Every line below from the one with "在无棣县生命纪念园院内,举办" through the one with "The Rhine Console" is to be repeated exactly, with no picture among them.

TASK INPUTS:

···

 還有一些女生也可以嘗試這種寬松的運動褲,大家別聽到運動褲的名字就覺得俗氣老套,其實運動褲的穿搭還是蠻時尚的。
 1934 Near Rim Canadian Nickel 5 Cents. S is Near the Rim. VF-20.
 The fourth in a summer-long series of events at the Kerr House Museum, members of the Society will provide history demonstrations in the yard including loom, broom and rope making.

···

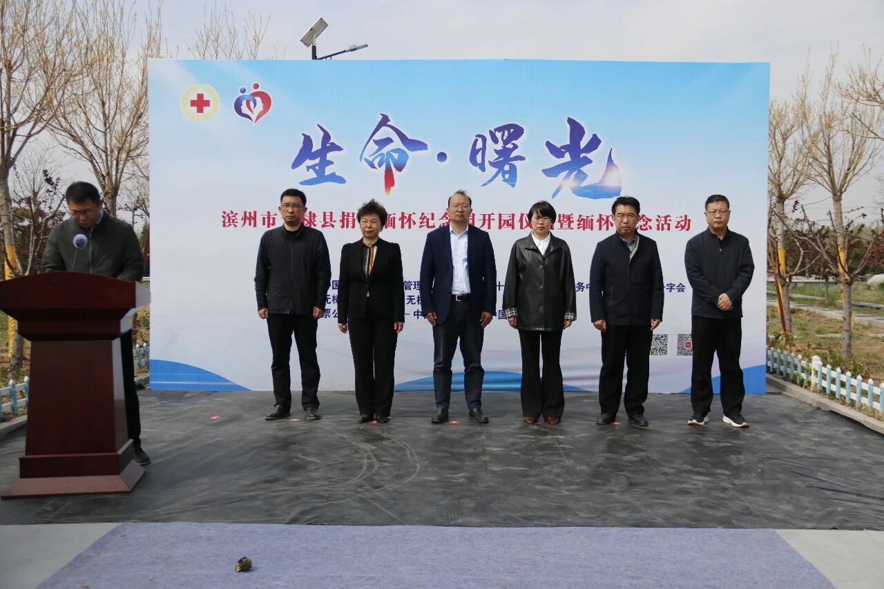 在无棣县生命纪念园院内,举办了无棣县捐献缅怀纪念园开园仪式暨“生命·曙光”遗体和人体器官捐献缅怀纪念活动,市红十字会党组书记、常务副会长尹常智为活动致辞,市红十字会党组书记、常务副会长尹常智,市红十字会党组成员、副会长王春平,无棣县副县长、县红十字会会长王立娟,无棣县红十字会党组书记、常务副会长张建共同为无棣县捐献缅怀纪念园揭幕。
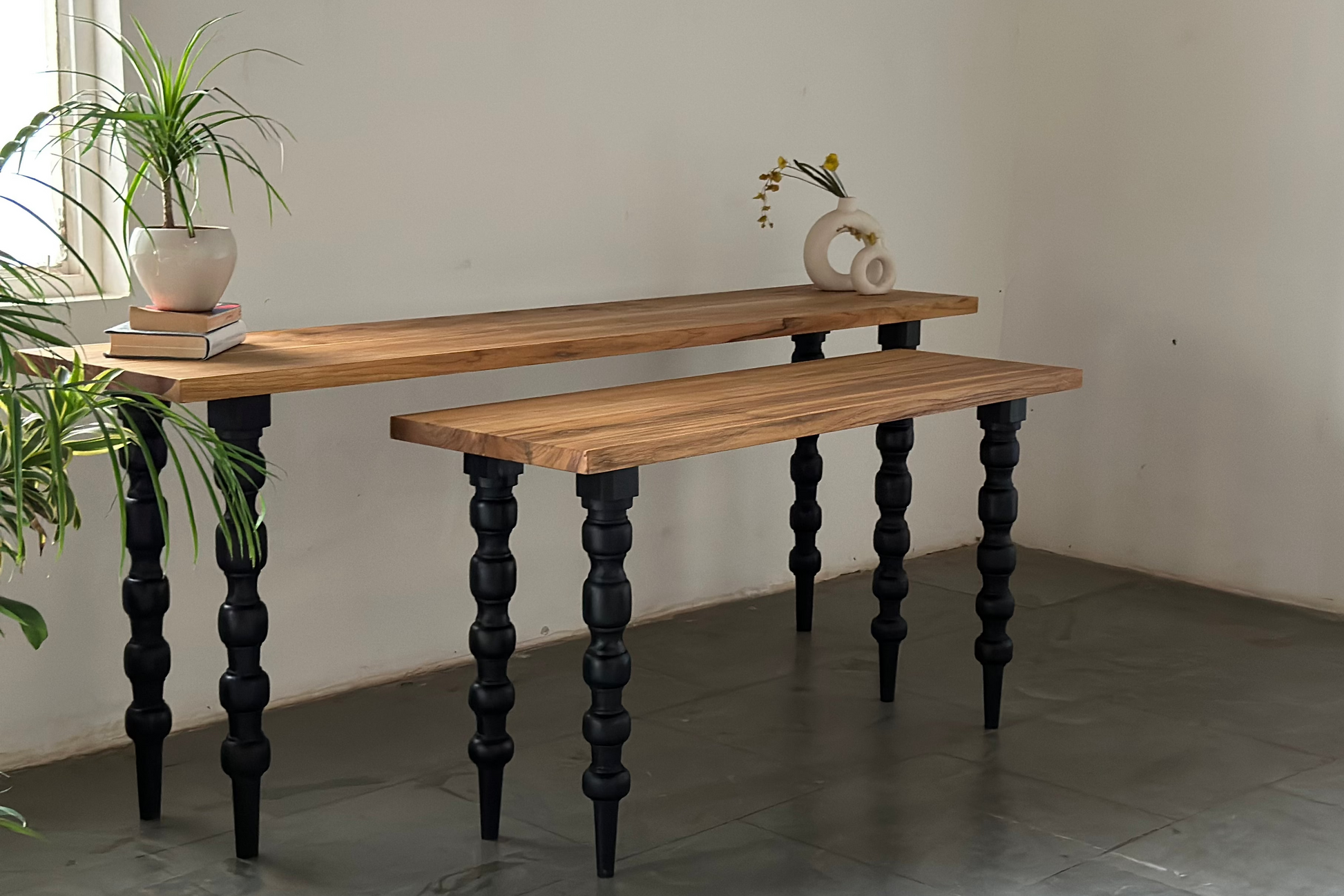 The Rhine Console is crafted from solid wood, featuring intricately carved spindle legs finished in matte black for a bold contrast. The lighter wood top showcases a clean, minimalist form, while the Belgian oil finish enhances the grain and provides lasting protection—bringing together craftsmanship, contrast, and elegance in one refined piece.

···

EXPECTED OUTPUT:
 在无棣县生命纪念园院内,举办了无棣县捐献缅怀纪念园开园仪式暨“生命·曙光”遗体和人体器官捐献缅怀纪念活动,市红十字会党组书记、常务副会长尹常智为活动致辞,市红十字会党组书记、常务副会长尹常智,市红十字会党组成员、副会长王春平,无棣县副县长、县红十字会会长王立娟,无棣县红十字会党组书记、常务副会长张建共同为无棣县捐献缅怀纪念园揭幕。
 The Rhine Console is crafted from solid wood, featuring intricately carved spindle legs finished in matte black for a bold contrast. The lighter wood top showcases a clean, minimalist form, while the Belgian oil finish enhances the grain and provides lasting protection—bringing together craftsmanship, contrast, and elegance in one refined piece.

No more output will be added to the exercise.